The nanofiber column prepared in the step of preparing the nanofiber column may be characterized in that it is manufactured through cold isostatic pressing (CIP).

The cold isostatic pressure processing method is one of the material processing methods mainly used for manufacturing cigarette filters, and is characterized in that isostatic pressure is applied to the object to be processed using hydraulic pressure, so that the isotropic pressure acts, so the density is uniform and the directionality is small It is characterized in that a molded article can be obtained.

Therefore, when using the nanofiber column prepared through the cold isostatic pressure processing method as in the present invention, it is possible to manufacture a column having a uniform fiber density, so that the adsorption material coating can be uniformly coated without agglomeration and polar solvent movement In addition, there is an effect of using a nanofiber column having an easy structure.

In the first coating step of the adsorbent material and the second coating step of the adsorbent material, one end of the nanofiber column prepared as described above is immersed in the adsorption solution, the column is turned over, and the other end of the column is immersed in the adsorption solution to obtain the nanofiber column. The adsorbent material may be coated in such a way as to secondarily coat the fiber strands.

The adsorption solution is a conductive carbon material made of any one of Super C, gaseous carbonized carbon fiber, Ketjen Black, Denka Black, acetylene black, carbon black, carbon nanotube, multi-walled carbon nanotube and mesoporous carbon, Distilled water and a surfactant may be included.

More specifically, the adsorption solution may be prepared by adding a surfactant to a solution in which the carbon particles are dispersed and subjecting the solution to sound waves to evenly disperse the carbon particles in the solution.

As described above, by coating the column with the adsorption material in the first and second stages, the adsorption solution rides up the nanofiber strands by capillary action, and both ends of the column can be uniformly coated while the fiber strands are uniformly coated.

Therefore, the incremental generation module unit 10 can generate electric power by including the column type incremental generator.

The column-type transpirational generator may be, for example, a Cellulose Nanofiber Column (CNC) generator.

The transpirational power generation module unit 10 may include one or more column-type transpirational generators.

The intensity of power may be adjusted by adjusting the number of column-type transpirational generators in the transpirational power generation module unit 10 .

Electric power generated by the transpirational power generation module unit 10 may be supplied to the desalination module unit 20 to perform electrodialysis desalination.

Next, the desalination module unit 20 may perform electrodialysis desalination using the power generated by the transpirational power generation module unit 10 .

The desalination module unit 20 includes an anode and a cathode; and one or more pairs of anion exchange membranes and cation exchange membranes alternately disposed between the anode and the cathode.

Due to the selective permeation of ions of the at least one pair of anion exchange membrane and cation exchange membrane, spaces therebetween are alternately formed into a fresh water section and a concentration section.

The principle of performing electrodialysis in the desalination module unit 20 will be described in more detail below.
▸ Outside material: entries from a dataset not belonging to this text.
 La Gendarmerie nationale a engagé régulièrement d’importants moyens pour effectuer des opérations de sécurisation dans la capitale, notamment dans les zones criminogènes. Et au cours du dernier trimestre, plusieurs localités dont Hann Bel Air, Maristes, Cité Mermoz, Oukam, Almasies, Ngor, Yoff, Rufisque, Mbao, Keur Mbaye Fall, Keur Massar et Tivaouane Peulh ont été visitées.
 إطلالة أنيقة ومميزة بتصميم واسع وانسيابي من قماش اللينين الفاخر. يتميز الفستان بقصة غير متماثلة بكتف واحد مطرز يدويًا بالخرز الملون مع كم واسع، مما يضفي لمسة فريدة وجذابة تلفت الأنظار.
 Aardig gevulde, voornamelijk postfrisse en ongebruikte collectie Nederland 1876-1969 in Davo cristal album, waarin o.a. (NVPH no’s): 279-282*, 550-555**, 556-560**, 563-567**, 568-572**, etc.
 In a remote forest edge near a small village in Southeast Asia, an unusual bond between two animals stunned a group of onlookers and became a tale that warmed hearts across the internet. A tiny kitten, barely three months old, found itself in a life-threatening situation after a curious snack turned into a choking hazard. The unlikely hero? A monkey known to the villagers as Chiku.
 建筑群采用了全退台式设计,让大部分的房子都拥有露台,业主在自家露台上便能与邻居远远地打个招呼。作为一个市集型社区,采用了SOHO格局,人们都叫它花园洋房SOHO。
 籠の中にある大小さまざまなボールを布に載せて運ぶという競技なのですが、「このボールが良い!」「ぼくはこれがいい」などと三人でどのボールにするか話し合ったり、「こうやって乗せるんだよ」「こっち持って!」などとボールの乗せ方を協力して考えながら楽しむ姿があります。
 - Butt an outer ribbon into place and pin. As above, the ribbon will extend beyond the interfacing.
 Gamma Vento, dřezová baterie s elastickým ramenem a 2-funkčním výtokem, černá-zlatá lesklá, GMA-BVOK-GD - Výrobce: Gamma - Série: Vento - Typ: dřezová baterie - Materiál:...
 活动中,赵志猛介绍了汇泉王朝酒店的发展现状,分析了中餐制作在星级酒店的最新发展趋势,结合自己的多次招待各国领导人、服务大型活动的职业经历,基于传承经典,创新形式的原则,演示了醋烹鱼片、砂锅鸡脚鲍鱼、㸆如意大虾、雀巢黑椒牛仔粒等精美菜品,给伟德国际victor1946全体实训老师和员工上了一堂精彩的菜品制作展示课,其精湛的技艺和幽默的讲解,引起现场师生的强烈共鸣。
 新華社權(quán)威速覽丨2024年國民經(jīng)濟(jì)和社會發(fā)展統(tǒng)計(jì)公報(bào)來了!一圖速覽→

An anode and a cathode are installed on both sides, and a cation exchange membrane that selectively transmits only cations and an anion exchange membrane that selectively transmits only anions are installed alternately between them, and a gasket of a certain thickness is installed between the membranes so that the electrolyte is passed between the membranes. After allowing the solution to flow, if an appropriate amount of direct current is applied, the cations and anions in the solution move in opposite directions by electric force. At this time, ion separation occurs according to the type of ions by the selective membrane. Cations pass through the cation exchange membrane as they move toward the cathode, but do not pass through the anion exchange membrane and remain in the enrichment section (concentration chamber), while anions move toward the anode through the anion exchange membrane. It passes through, but does not pass through the cation exchange membrane and remains in the concentration section. Thus, cations and anions continue to accumulate in the enrichment unit, condensation occurs, and cations and anions continue to escape from the adjacent fresh water unit (dilution chamber), resulting in desalination.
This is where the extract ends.